== Segment start ==

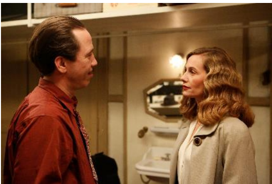
Abbildung 12 Django
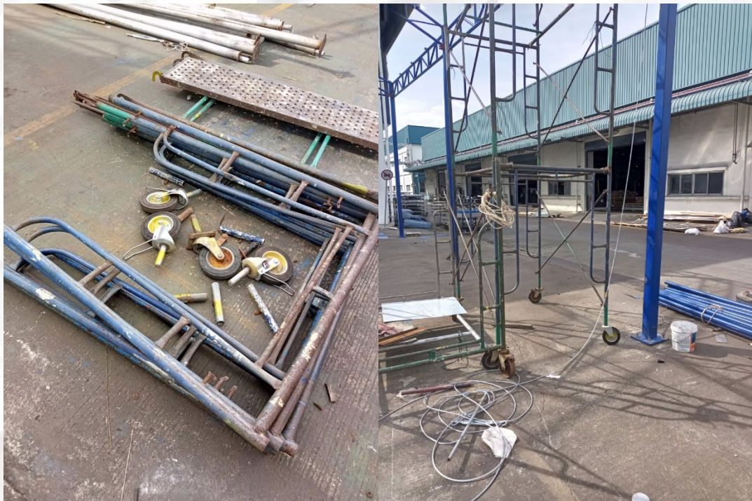
ภาพที่ ๑ (ซ้าย) นั่งร้านที่เกิดเหตุ (ขวา) นั่งร้านลักษณะเดียวกันกับนั่งร้านที่ใช้ในที่เกิดเหตุ นั่งร้านทั้งสองเป็นนั่งร้านของบริษัท จ จำกัด

นั่งร้านโครงสร้างเหล็กญี่ปุ่น (“A” Flame Type) ชนิดแบบมีล้อเลื่อนและมีห้ามล้อถอดประกอบได้
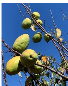
⑪カリン 香りのよい実は生食はできないが果実酒などに最適。
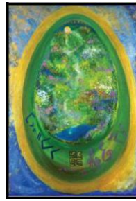
Рис. 7. В. Преображенська «Русь споконвічна»
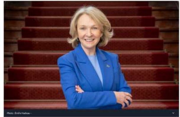
La ministre Bélanger explique le budget pour les Laurentides
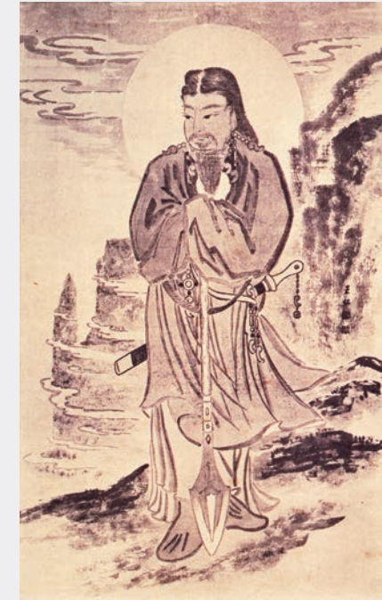
国祖 国常立尊 (出口王仁三郎筆)

皆々様が大神様の廣大無辺なるご神徳によりて 清々しく平安なる一年をお過ごしになりますよう 謹んでお祈り申し上げます。
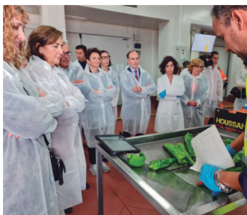
Visita ayer al PCF del Puerto Bahía de Algeciras.

Las "exitosas" mejoras en el PCF de Algeciras serán extendidas al resto de PCFs
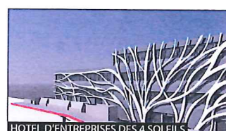
HOTEL D'ENTREPRISES DES 4 SOLEILS
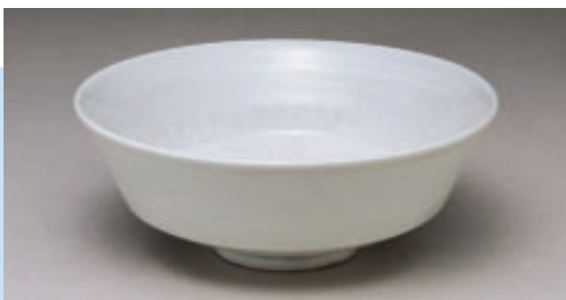
白瓷龍紋折腹淺碗 元 楓府窯 5.3 × 13 × 4.5cm
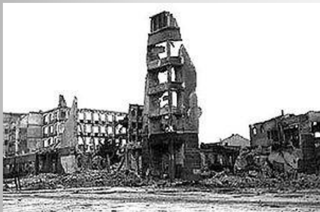
Руины Сталинграда 1943 г.

Сталинградская битва была одним из важнейших событий Второй мировой войны. Она продолжалась 200 суток. Сражение включало в себя попытку вермахта захватить левобережье Волги в районе Сталинграда (современный Волгоград) и сам город, противостояние в городе, и контрнаступление Красной армии (операция «Уран»), в результате которого VI армия вермахта и другие силы союзников Германии внутри и вокруг города были окружены и частью уничтожены, частью захвачены в плен. По приблизительным подсчётам, суммарные потери обеих сторон в этом сражении превышают два миллиона человек.
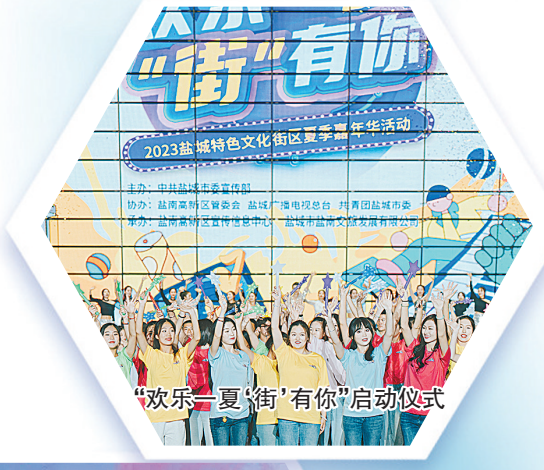
“欢乐一夏‘街’有你”启动仪式

表达形式创新。注重活态传承。在盐城,从线下“淮剧小镇”到线上“中华淮剧”,从东台发绣的“穿针引线”到数字化活态传承的“宋画复活”,从市博物馆NPC探秘剧、“夜韵盐博”到市美术馆的《伟大的作品》魔幻情景剧、跨媒体艺术展,再到海盐博物馆
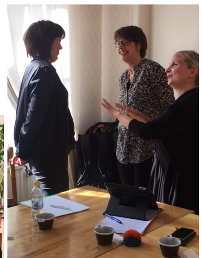
Bilder från utvecklingsgruppsmöte för indikatorerna den 20 april

== Segment end ==

Print exactly the lines from the first line of the records above through the line containing "Рис. 7. В. Преображенська", both included, and leave the pictures out.

Abbildung 12 Django
ภาพที่ ๑ (ซ้าย) นั่งร้านที่เกิดเหตุ (ขวา) นั่งร้านลักษณะเดียวกันกับนั่งร้านที่ใช้ในที่เกิดเหตุ นั่งร้านทั้งสองเป็นนั่งร้านของบริษัท จ จำกัด

นั่งร้านโครงสร้างเหล็กญี่ปุ่น (“A” Flame Type) ชนิดแบบมีล้อเลื่อนและมีห้ามล้อถอดประกอบได้
⑪カリン 香りのよい実は生食はできないが果実酒などに最適。
Рис. 7. В. Преображенська «Русь споконвічна»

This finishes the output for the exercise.